▶ Aim of the exercise:
Retype the listing exactly, minus its pictures.

▶ Stored data:

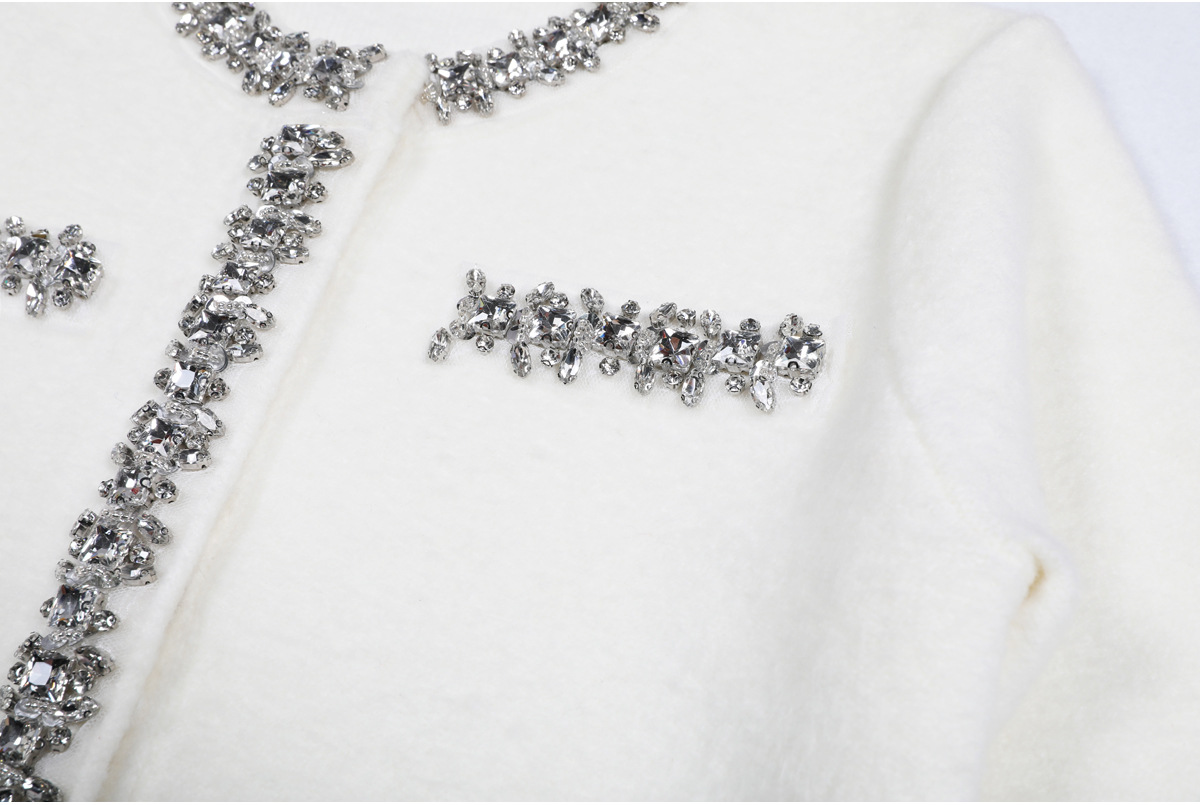 재고 2025 봄과 가을 새로운 패션 캐시미어 니트 스테이플 드릴 울 탑 카디건 코트 엉덩이 오버 스커트
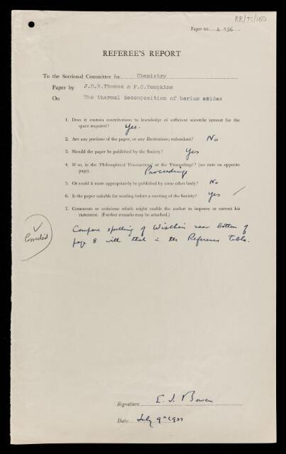 Edmund John Bowen, Referee's report by Edmund John Bowen, on a paper 'The thermal decomposition of barium azide' by J C N Thomas and Frederick Clifford Tompkins, 09 July 1951, RR/75/160, The Royal Society Archives, London, https://makingscience.royalsociety.org/items/rr_75_160/referees-report-by-edmund-john-bowen-on-a-paper-the-thermal-decomposition-of-barium-azide-by-j-c-n-thomas-and-frederick-clifford-tompkins, accessed on 09 March 2026
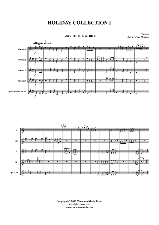 Digital Sheet Music for Holiday Collection I - Score by , Various, Paul Morgan scored for Clarinet Quartet; id:366576

▶ Task result:
 재고 2025 봄과 가을 새로운 패션 캐시미어 니트 스테이플 드릴 울 탑 카디건 코트 엉덩이 오버 스커트
 Edmund John Bowen, Referee's report by Edmund John Bowen, on a paper 'The thermal decomposition of barium azide' by J C N Thomas and Frederick Clifford Tompkins, 09 July 1951, RR/75/160, The Royal Society Archives, London, https://makingscience.royalsociety.org/items/rr_75_160/referees-report-by-edmund-john-bowen-on-a-paper-the-thermal-decomposition-of-barium-azide-by-j-c-n-thomas-and-frederick-clifford-tompkins, accessed on 09 March 2026
 Digital Sheet Music for Holiday Collection I - Score by , Various, Paul Morgan scored for Clarinet Quartet; id:366576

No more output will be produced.